- **EXERCISE BRIEF**: Begin at the line containing "Партнер, центр помощи" in the records below, end at the line containing "Adewuyi, Emmanuel Olorunleke, Auta, Asa", and retype each line in that span exactly. No other line and no image should appear.

Records drawn from a dataset
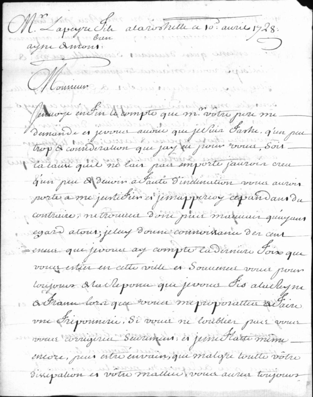 - Lettre de Jean Taché à Lapeyre, fils, sur ses comptes
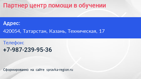 Партнер, центр помощи в обучении по адресу 420054, Татарстан, Казань, Техническая, 17 в дальнейшем Организация, размещена в следующих категориях:
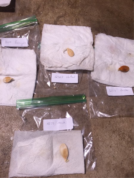 Of the 5 seeds I soaked, 4 have sprouted roots. Still waiting for the old 901 Hunt. I am happy.. Very low effort start..soak in water, put in damp paper towel in a baggy and place on top dresser at 70 degrees. First year..i stressed so much about trying for optimum germination environment. Now it is just let them grow. Time to transplant..no fancy custom mixtures this year, just happy frog with great white. I think with this years lack of time and no garden prep that 3/4 gallon of potentially less than optimum soil is not going to make a noticeable difference. Time saved now is worth much for the later part of the year.
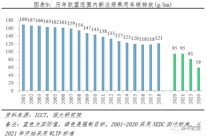 1)目标值降幅大:2021年开始采用新测试标准WLTP,乘用车排放不得高于95g/km,2025年、2030年分别在2021年基础上减少15%、37.5%。据国际清洁交通委员会(ICCT)披露,欧盟乘用车企实际碳排放从2001年169g/km下降到2018年121g/km,年均降幅仅1.9%。
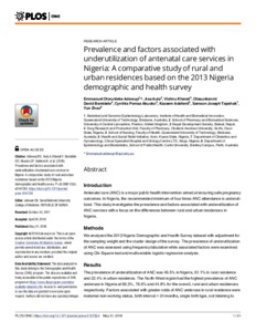 Adewuyi, Emmanuel Olorunleke, Auta, Asa orcid iconORCID: 0000-0001-6515-5802, Khanal, Vishnu, Bamidele, Olasunkanmi David, Akuoko, Cynthia Pomaa, Adefemi, Kazeem, Tapshak, Samson Joseph and Zhao, Yun (2018) Prevalence and factors associated with underutilization of antenatal care services in Nigeria: A comparative study of rural and urban residences based on the 2013 Nigeria demographic and health survey. PLOS ONE, 13 (5). e0197324.
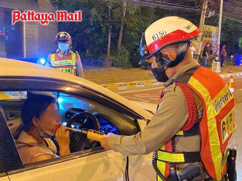 Pattaya police set up a drunk-driving checkpoint on Thappraya Road, one of many to come under a directive from the Royal Thai Police Office.
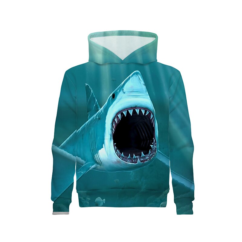 More information about Boys 3D Shark Hoodie Long Sleeve 3D Print Spring Fall Active Polyester Kids 4-12 Years Dailywear Casual Regular Fit
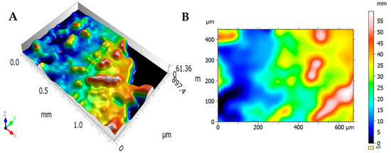 Wear scar of the sample coated with Ni-30 nm TiO2 particles: (A) depth of the wear scar of sample coated with Ni coating and treated with tig arc; (B) LIBS topographical map of the wear scar of the sample coated with Ni-30 nm TiO2 particles and treated with tig arc.
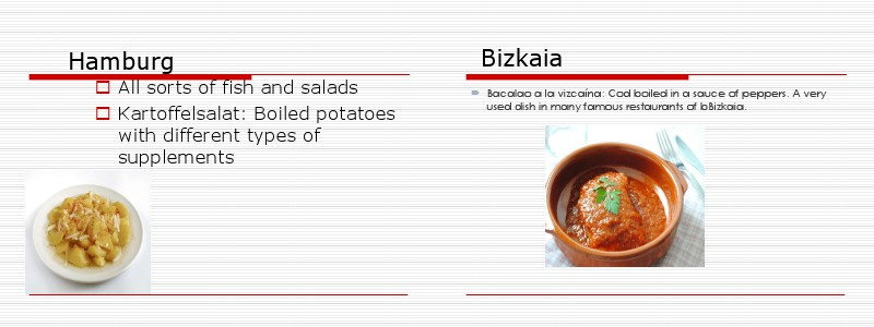 Hamburg All sorts of fish and salads Kartoffelsalat: Boiled potatoes with different types of supplements
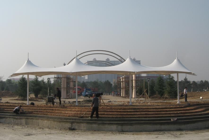 厂家主营:各种膜结构定制 停车棚 非机动车棚 景观棚 球场雨棚 看台遮阳棚 出入口雨蓬 污水池反吊膜。 ..
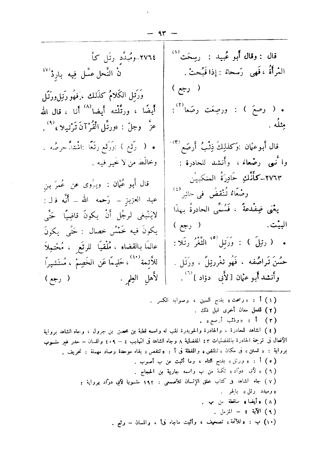 (¬5) أ: «ورتل» بفتح التاء، وما أثبت عن ب أصوب.
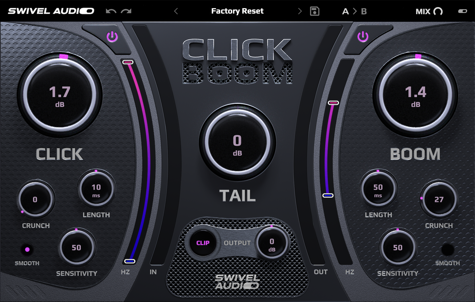 Click Boom is an incredibly powerful transient shaper designed to help you maximize and fine tune the impact and loudness of your tracks. Exactly as its name suggests, Click Boom gives you independent control over both the high “clicky” transients, and the low “boomy” transients in your sounds, ensuring you can sculpt each sound that much further and more precisely before incurring unwanted side effects. Click Boom was designed with producers in mind, with a simple and easy to use UI, and creato
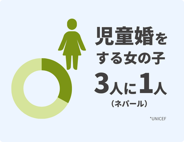 早期婚の慣習が根強いネパールの支援地域で、保護者への研修や青年グループの話し合いなどを実施しました。年間の結婚件数のうちの早期婚の割合が、約60%から約25%にまで減少しました。
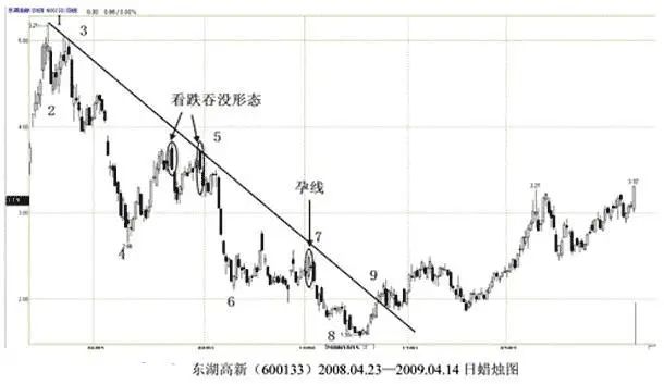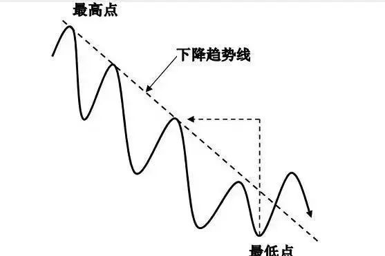 下降趋势线画法:连接某一时间段最高点(或相对高点)与最低点之前的任意高点,中间不穿越任何价位的直线,就是下降趋势线。
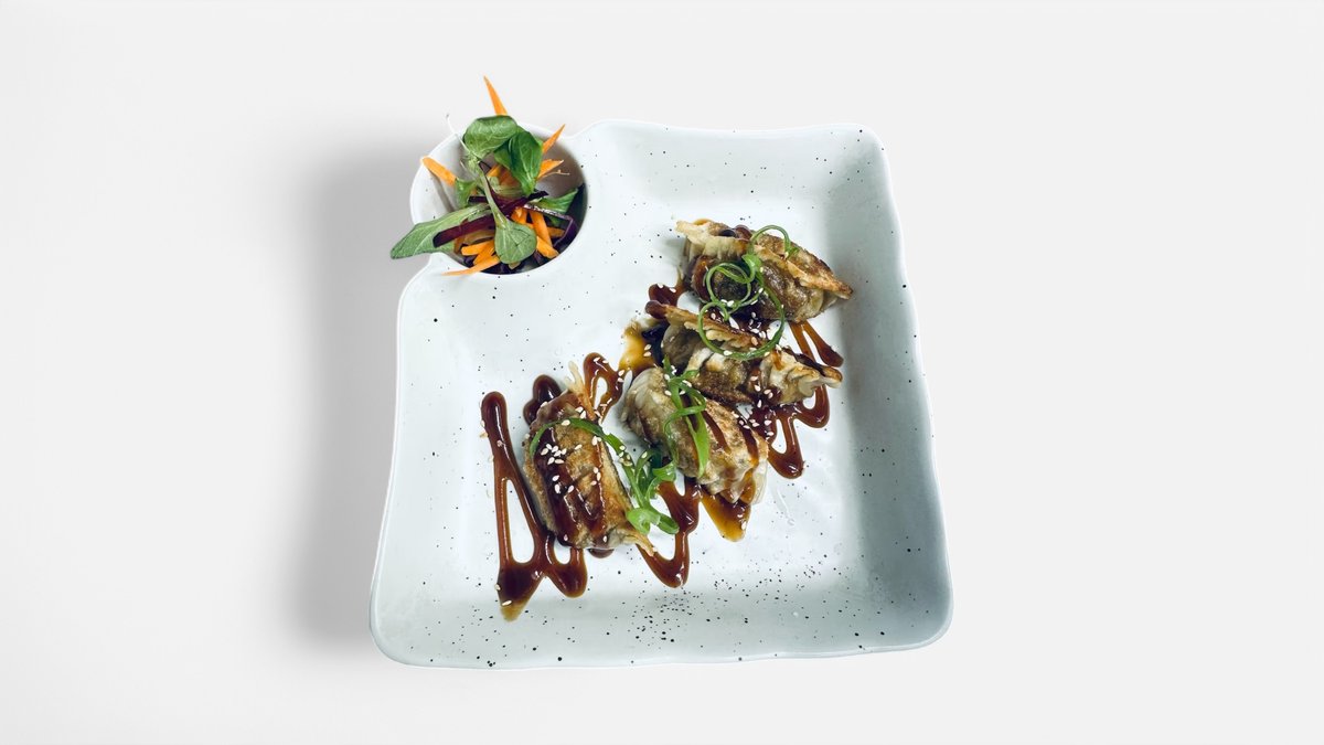 CZ: Gyoza jsou japonské knedlíčky smažené na pánvi, které jsou zespodu zlaté a křupavé, uvnitř jsou šťavnaté - tyto knedlíčky jsou z vepřového masa a zeleniny, flambovaný sýr na vrchu EN: Gyoza are Japanese pan-fried dumplings that are crispy and golden on the bottom, juicy on the inside - these dumplings consist of vegetable and pork, flambéed cheese on the top

- **SOLUTION BELOW**:
 Партнер, центр помощи в обучении по адресу 420054, Татарстан, Казань, Техническая, 17 в дальнейшем Организация, размещена в следующих категориях:
 Of the 5 seeds I soaked, 4 have sprouted roots. Still waiting for the old 901 Hunt. I am happy.. Very low effort start..soak in water, put in damp paper towel in a baggy and place on top dresser at 70 degrees. First year..i stressed so much about trying for optimum germination environment. Now it is just let them grow. Time to transplant..no fancy custom mixtures this year, just happy frog with great white. I think with this years lack of time and no garden prep that 3/4 gallon of potentially less than optimum soil is not going to make a noticeable difference. Time saved now is worth much for the later part of the year.
 1)目标值降幅大:2021年开始采用新测试标准WLTP,乘用车排放不得高于95g/km,2025年、2030年分别在2021年基础上减少15%、37.5%。据国际清洁交通委员会(ICCT)披露,欧盟乘用车企实际碳排放从2001年169g/km下降到2018年121g/km,年均降幅仅1.9%。
 Adewuyi, Emmanuel Olorunleke, Auta, Asa orcid iconORCID: 0000-0001-6515-5802, Khanal, Vishnu, Bamidele, Olasunkanmi David, Akuoko, Cynthia Pomaa, Adefemi, Kazeem, Tapshak, Samson Joseph and Zhao, Yun (2018) Prevalence and factors associated with underutilization of antenatal care services in Nigeria: A comparative study of rural and urban residences based on the 2013 Nigeria demographic and health survey. PLOS ONE, 13 (5). e0197324.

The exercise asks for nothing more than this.